2.1.3. Marketing Campaign Targeting:

• TPR: Maximizes reach among likely buyers by correctly identifying most potential customers.
• TNR: Reduces costs by avoiding marketing to people unlikely to convert, improving ROI.

2.1.4. Operations Agent Quality:

Ring any bells?

• TPR: Enhances agent accuracy in taking the correct action. Such as labeling a bad data or provide the right refund amount.
• TNR: Issues are not incorrectly flagged, leading to unnecessary intervention.
  

2.2. Advanced applications:

In fields such as machine learning or medicine, some selected metrics are integral to model performance, e.g. data classification tasks where there is an imbalanced distribution or significant costs associated with false positives or false negatives.

2.2.1. Evaluating Model Performance

• TPR: Used to assess the model’s ability to correctly predict positive cases. This is critical in applications like medical diagnostics, where missing positive cases (false negatives) can have serious consequences.
• TNR: Assesses the model’s ability to avoid false positives. High specificity is useful in fields like spam detection, where false positives (flagging valid emails as spam) reduce user satisfaction.

2.2.2. Adjusting Decision Thresholds

• For example, in financial fraud detection, the cost of a false negative (missed fraud) is often higher than a false positive (false alert). The model used to detect risky transactions is set to a lower detection threshold will results in increased TPR (more flagged as risky). This also increase FP in return, consequentially followed with more complaints and post-transaction RCA, leading to high operational cost and longer handling time. Though this does not sound ideal, this may help businesses to understand risk factors better and fine tune their models.
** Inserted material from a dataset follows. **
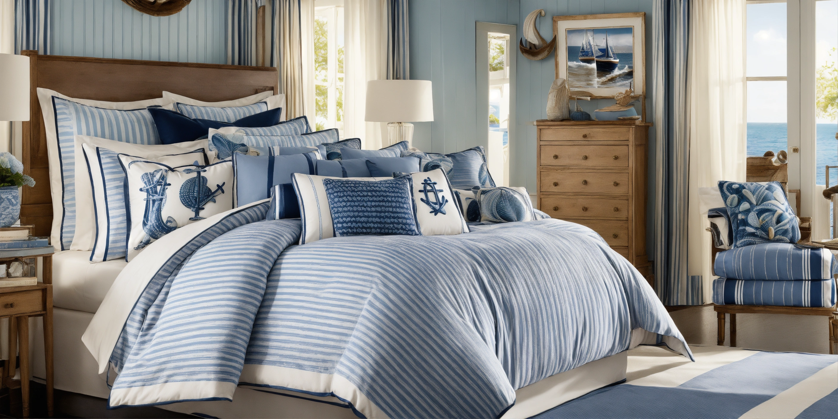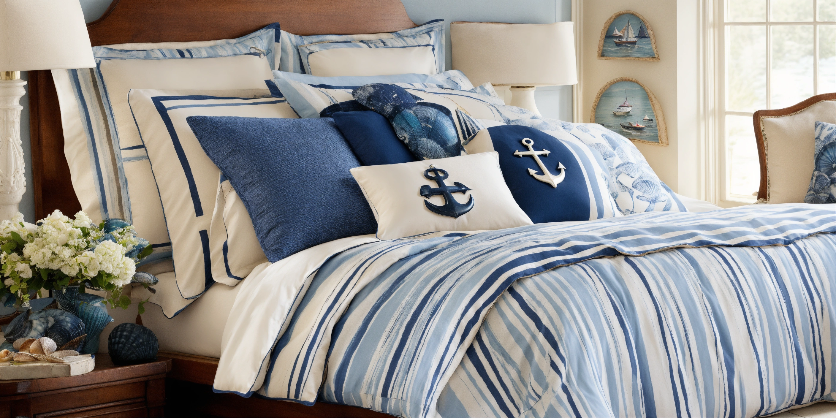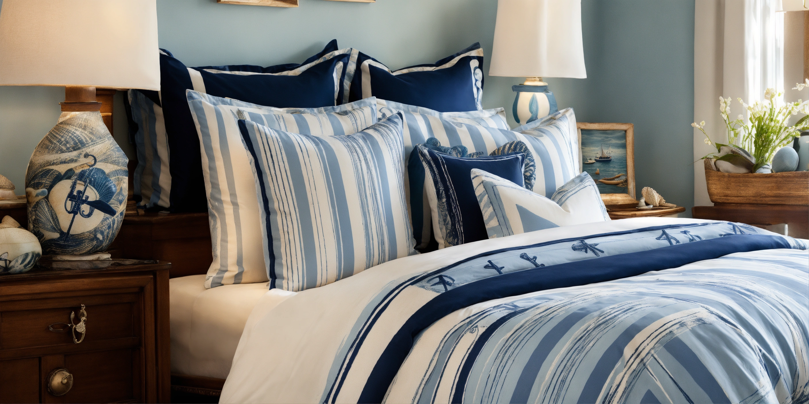 Luxury decorative pillows in blue, light blue and white stripes, sea shells, boat anchors, maritime themes on duvet covers

2.2.3. Precision-Recall Trade-off

• TPR is related to recall, and when combined with precision, it helps evaluate models where false positives and false negatives have different costs. Optimizing for precision or recall (related to sensitivity) depends on the application (e.g., prioritizing sensitivity in disease screening, specificity in financial audits).

2.2.4. Model Comparison and Selection

• Some selective metrics can be useful when comparing multiple models. For example, in credit scoring, one model may have higher sensitivity (identifying risky clients) while another has higher specificity (identifying safe clients). The choice of model can be aligned with the business’s risk tolerance.

2.2.5. Risk Prediction Models:

• In clinical risk prediction models, especially in multi-class and hierarchical diagnostic tasks where the consequence of errors is severe, the accuracy is influenced by several factors. Advanced models that can prioritize different aspects of prediction based on TPR and TNR, offering more tailored risk prediction across conditions or patient types.
• Example: in cancer screening, models may be adjusted to maintain high sensitivity to detect early-stage cancers while retaining enough specificity to reduce unnecessary follow-up tests.

2.2.6. Spam Detection

• In email spam detection, precision is crucial to minimize false positives, reducing the chance that legitimate emails are marked as spam.
• FDR also helps by showing the proportion of emails marked as spam that aren’t actually spam, helping email systems filter messages accurately and avoid user frustration.